Kalau semua orang merasa heran, Dobhin Lama tertawa,
"Ha-ha-ha, kalian seperti anak-anak saja. Sudah jelas bahwa pengaruh sihir menjadi punah karena adanya Sin-ciang Tai-hiap di sini. Orang itu berbahaya sekali, maka kita harus berhati-hati. Kulihat tadi ketika dia melindungi gadis itu, ada jarum Pek-lian Sam-li yang mengenai pundak kirinya. Dia telah terluka jarum Pek-lian-tok-ciam!"

"Ah, benarkah itu, Losuhu?" Ji Kui dan dua orang adiknya berseru girang. "Kalau begitu, dia tentu tidak akan dapat lolos! Jarum kami mengandung racun yang sukar dilawan."

“Jangan gembira dulu, Sam-li," kata Dobhin Lama. "Pinceng sudah mengenal baik jarum baracun Pek-tian-tok-ciam. Bukankah siapa yang terkena jarum itu tentu akan lumpuh seketika? Dan melihat betapa Sin-ciang Tai-hiap masih dapat melarikan diri, hal itu menunjukkan bahwa dia memang lihai bukan main. Belum tentu jarummu akan dapat membuat dia tak berdaya. Bagaimanapun juga kita harus berhati-hati dan suruh anak buah melakukan penjagaan ketat."

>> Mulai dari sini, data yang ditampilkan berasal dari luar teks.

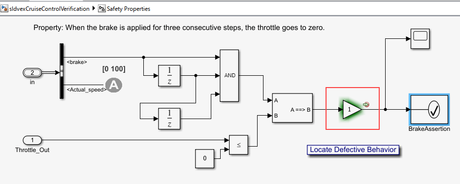 The Implies block lets you specify a condition to produce a given response. For example, If A is true, B is false, A ==> B is false, the model pauses at the breakpoint. The condition A ==> B in the Implies block is false when you apply the brake input for three consecutive time steps. This causes the throttle to go back to zero and induces the assertion from the BrakeAssertion block.
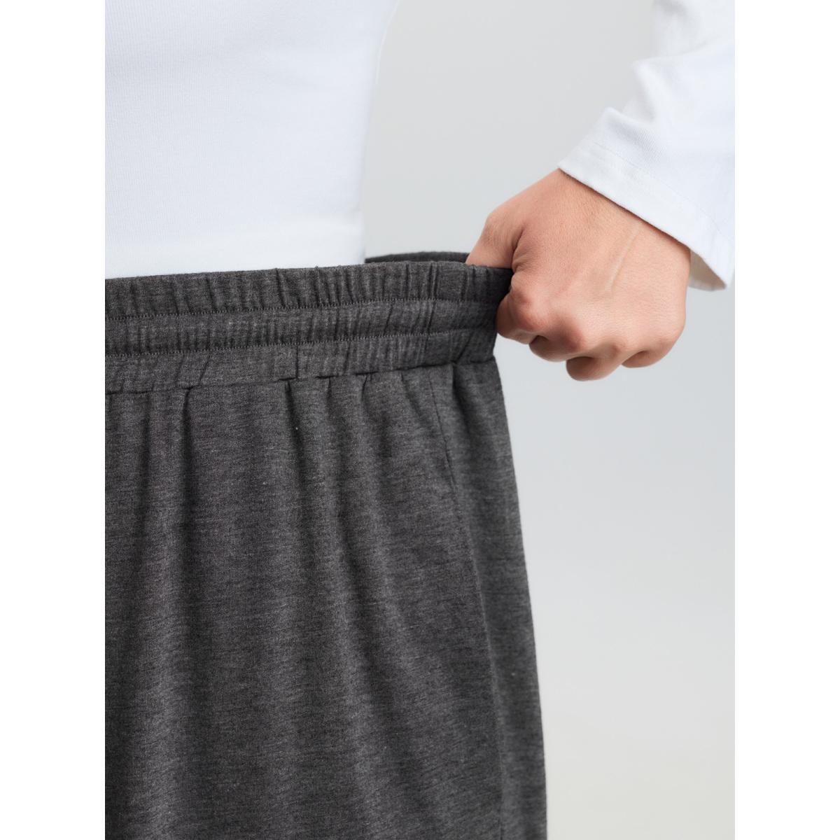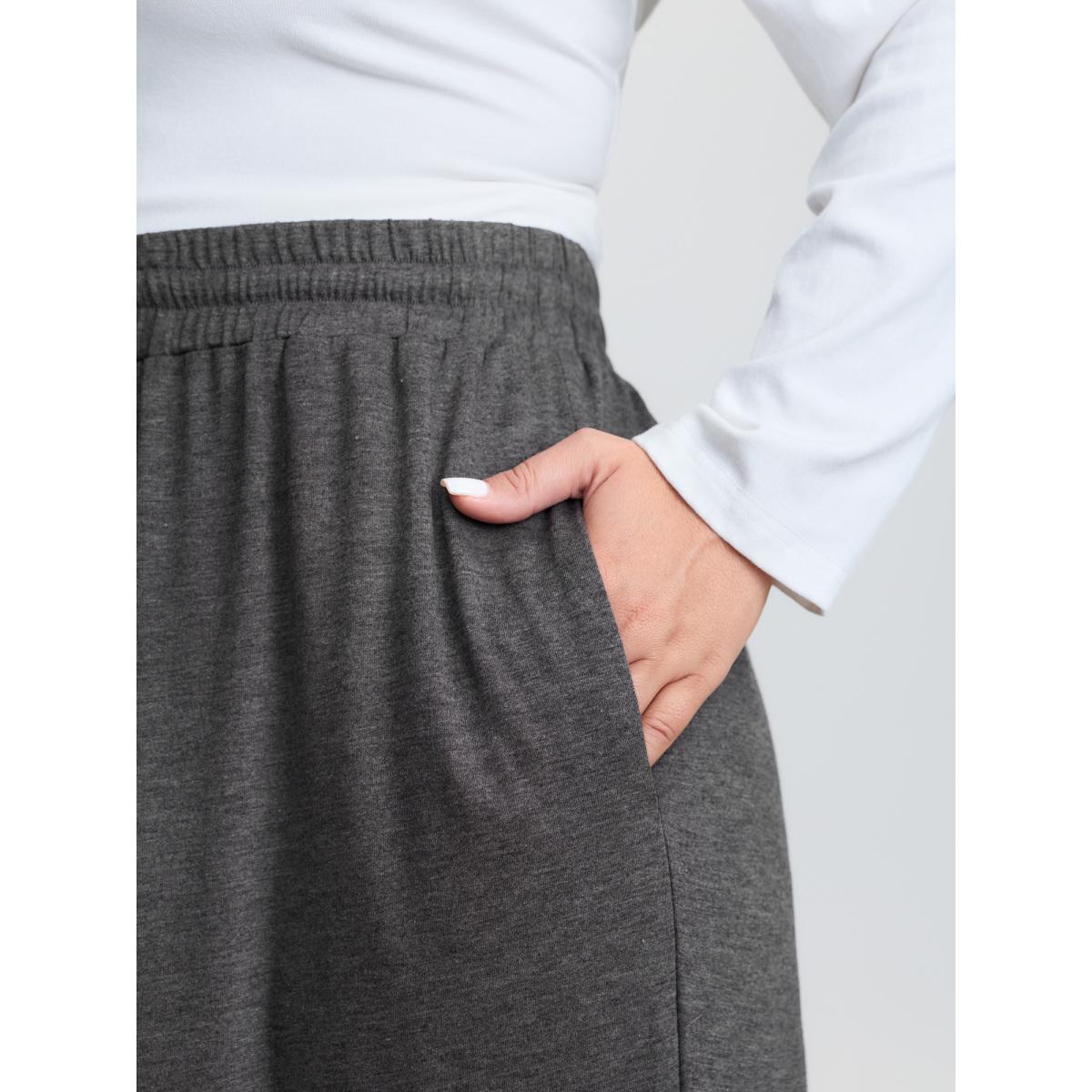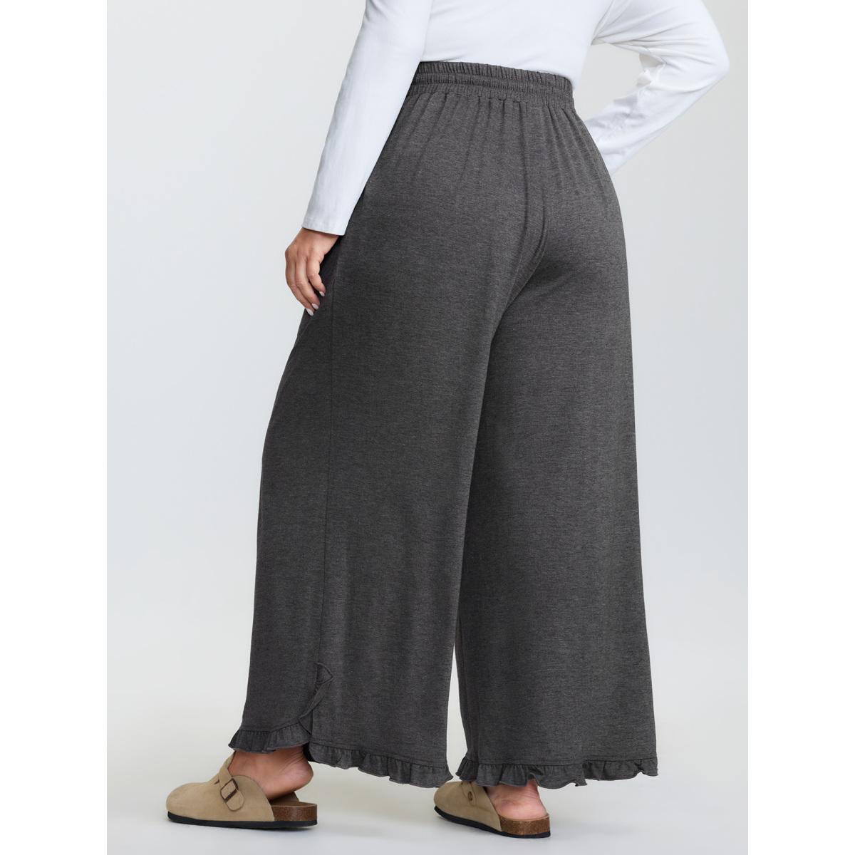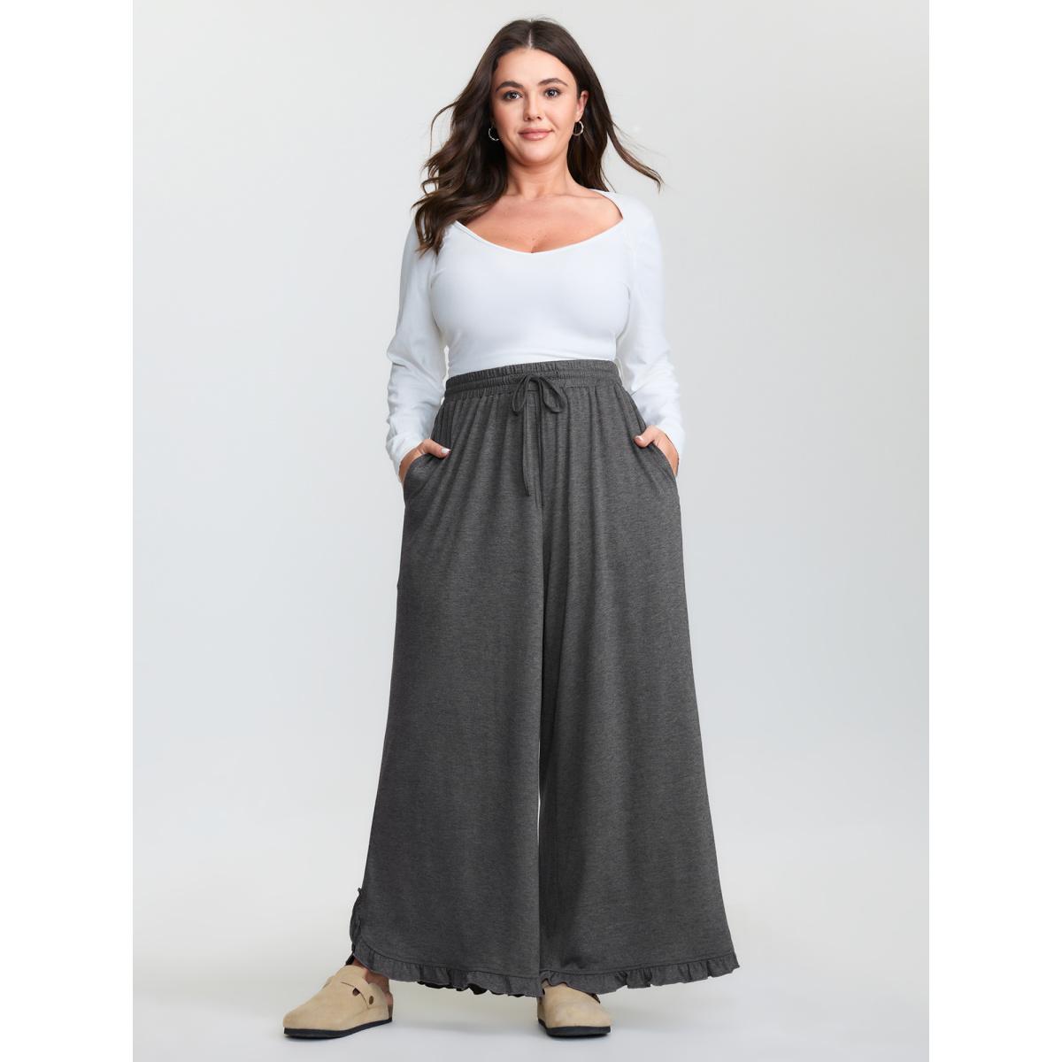 Plus Size Supersoft Drawstring Waist Ruffled Hem Pants Women DimGray Leisure Wide Leg Mid Rise Casual Pants BloomChic 28/5X

Mereka melanjutkan pertemuan itu untuk membicarakan gerakan mereka dan mengatur rencana dan membagi tugas kerja. Sian Lun yang sudah tak berdaya itu diserahkan kepada Pek-lian Sam-Li untuk menjaga dan menundukkannya. Tiga orang wanita itu dengan wajah berseri lalu mengajak Pangeran Gulam Sing dan memondong tubuh Sian Lun, pergi mengundurkan diri.